- **What is expected**: Your copy should begin with the line containing "This cotton midi", end with the line containing "Once we verify", match the listing below exactly, and contain no pictures.

== Segment start ==

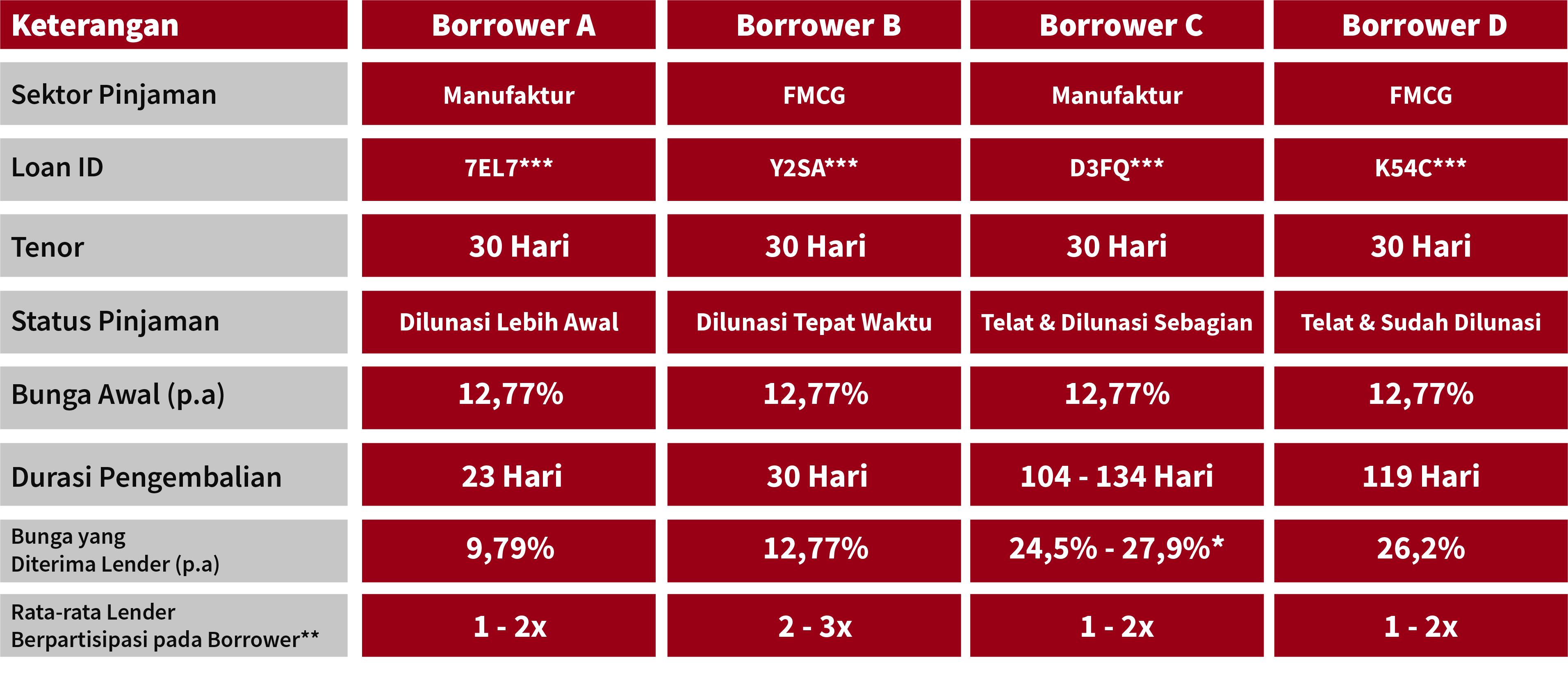 Dari sektor FMCG, borrower ini menunjukkan ketepatan dalam membayar pinjaman sesuai tenor 30 hari. Konsistensinya dalam memenuhi kewajiban membuatnya menjadi salah satu borrower yang dipercaya oleh lender, terlihat dari frekuensi pendanaan ulang yang cukup tinggi, yakni 2–3 kali. Lender pun mendapatkan imbal hasil penuh sebesar 12,77% p.a.
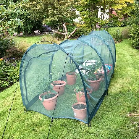 Ultra high quality advanced crop protection for serious gardeners. The Pro Gro solves the problems of flimsy โhoop and wireโ tunnels, which can rust and sag over time, potentially damaging the plants inside. Pro Gro tunnels feature flexible carbon fibre rods that maintain shape and tension over time, with ballast pockets and guy ropes for wind stability. The 4mm mesh softy-touch netting guards against a range of pests from birds and squirrels through to cabbage whites and other large insects. They assemble in minutes with no tools needed and pack down into a small bag for easy storage out of season. Large zipped doors allow easy access to crops and help regulate heat, humidity and airflow for optimum growing conditions. An ideal growing environment for a wide range of crops including strawberries, salads, sprouts, cabbages, cauliflowers, chillies and small tomato plants. Use over raised beds and grow patches in both garden and allotment. Comes with securing ground pegs.
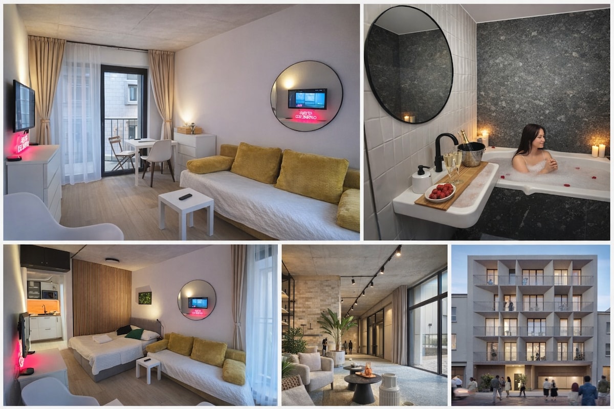 We offer luxurious accommodation up to 4 guests in the quiet Černá Pole area, just a short distance from the center of Brno. The apartment features a bedroom with a double bed, a room with a foldable double bed, a spacious living room with a 4K TV, and a fully equipped kitchen. The bathroom includes a corner bathtub 🛀, a bidet, and a toilet, plus an additional separate toilet. Relax on the large terrace with a shower or in the garden. 🚙Private parking is available. Wi-Fi is fast and strong! 🔥
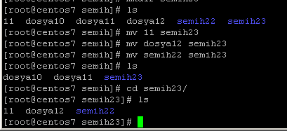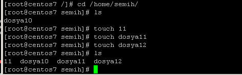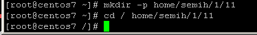 Yukarıdaki gibi –p parametresi ile alt klasör oluşturur. Semih klasörümüm altında 1 klasörünü ve 1 in de altında 11 klasörünü açar.
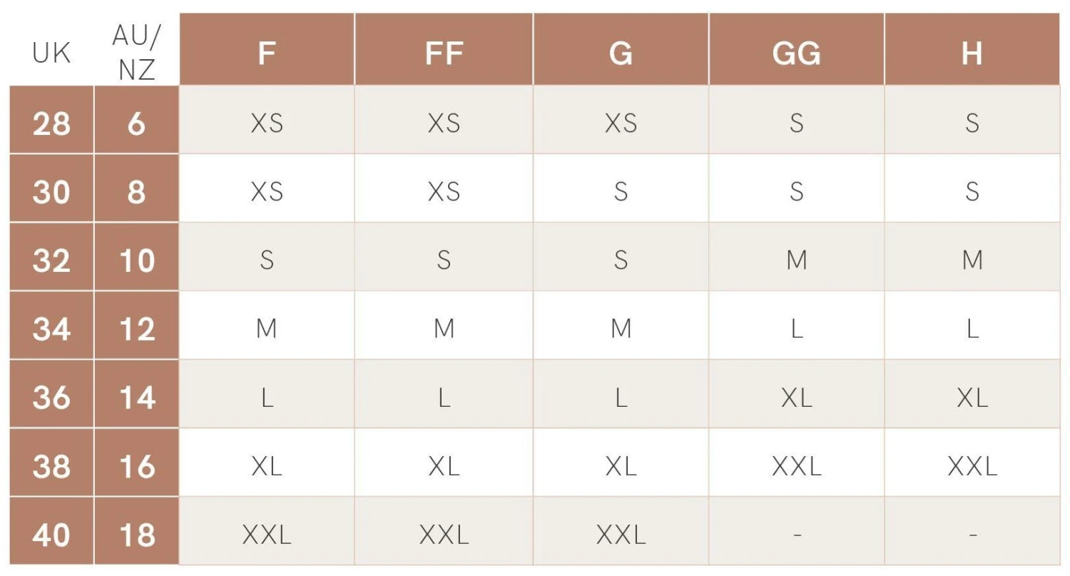 - 4XL: 20G, 22DD, 22E, 22F, 22FF
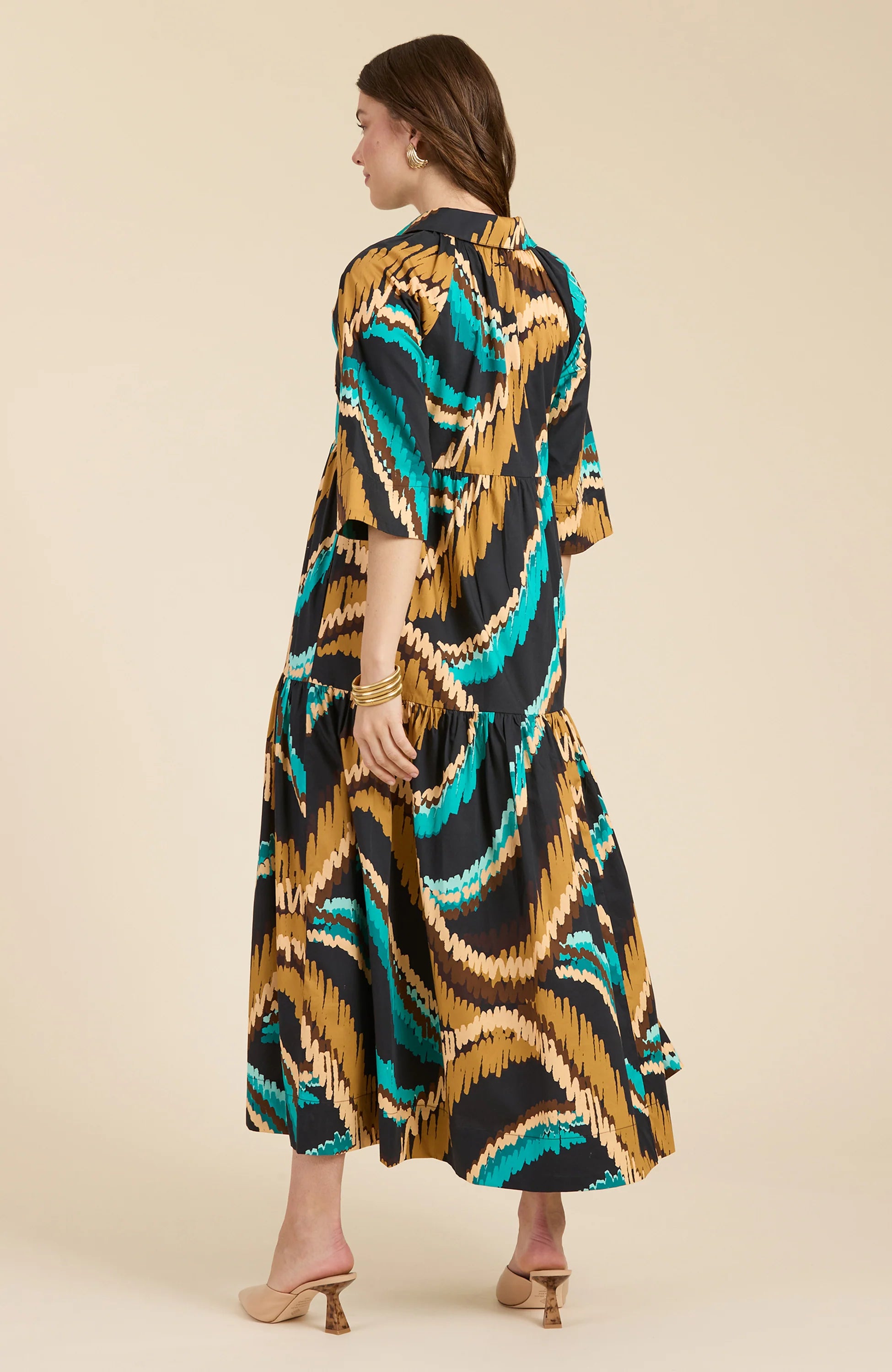 This cotton midi dress features an A-line silhouette, flattering collared v-neckline and everyday-elegant tiers. In a retro, multi-color print, this dress can be transitioned into multiple seasons.
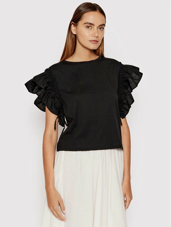 Sisley Γυναίκες Μπλουζάκια Μπλουζάκι 3AIRL101P Μαύρο Boxy Fit
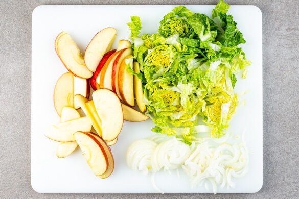 Inzwischen den Apfel vierteln, entkernen und in ca. 1cm dünne Spalten schneiden. Die Zwiebel schälen, halbieren und in feine Streifen schneiden. Den Salat ebenfalls in feine Streifen schneiden, den Strunk entfernen.
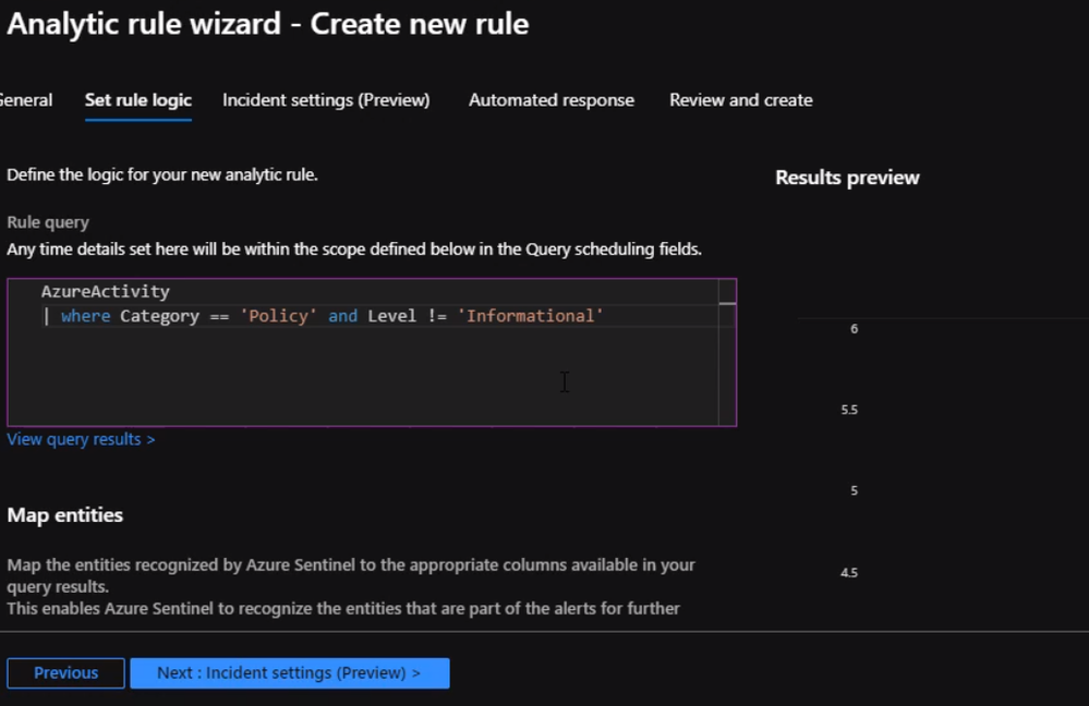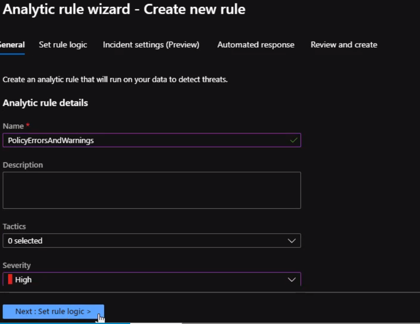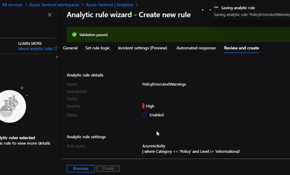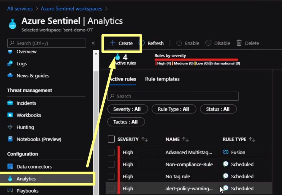 Once we verify the query is working properly, we can start setting the alert. From Sentinel blade click on Analytics and click on “Create” to establish a new rule
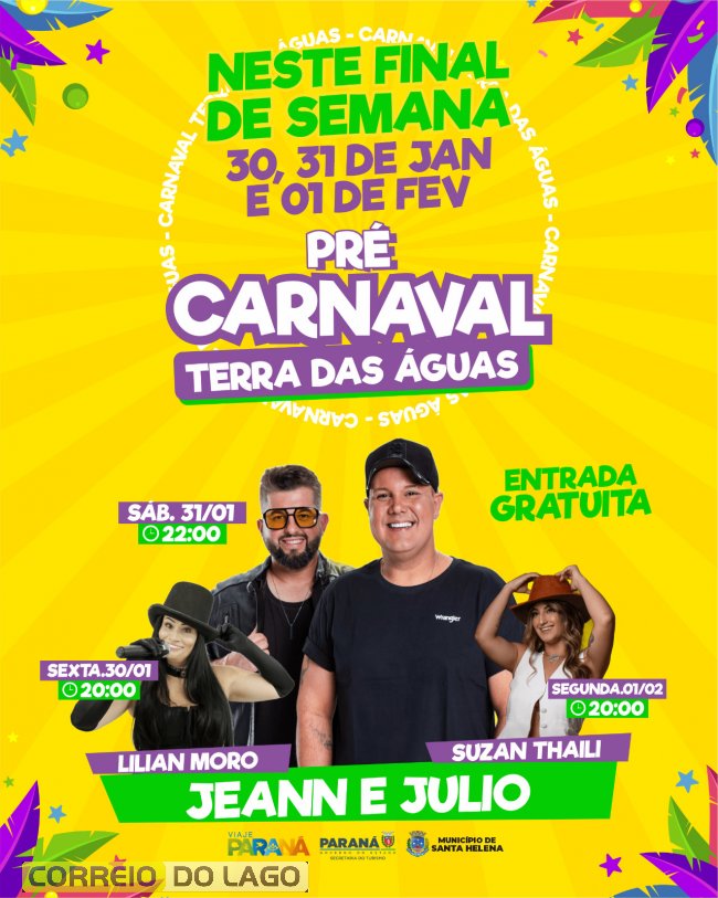 Santa Helena já respira alegria e animação com a chegada do Pré-Carnaval Terra das Águas, que promete movimentar o Balneário Municipal neste fim de semana. O evento, com entrada gratuita, traz uma programação especial com música ao vivo, lazer e diversão, reunindo artistas regionais e visitantes de toda a região.

== Segment end ==

- **Task output**:
 This cotton midi dress features an A-line silhouette, flattering collared v-neckline and everyday-elegant tiers. In a retro, multi-color print, this dress can be transitioned into multiple seasons.
 Sisley Γυναίκες Μπλουζάκια Μπλουζάκι 3AIRL101P Μαύρο Boxy Fit
 Inzwischen den Apfel vierteln, entkernen und in ca. 1cm dünne Spalten schneiden. Die Zwiebel schälen, halbieren und in feine Streifen schneiden. Den Salat ebenfalls in feine Streifen schneiden, den Strunk entfernen.
 Once we verify the query is working properly, we can start setting the alert. From Sentinel blade click on Analytics and click on “Create” to establish a new rule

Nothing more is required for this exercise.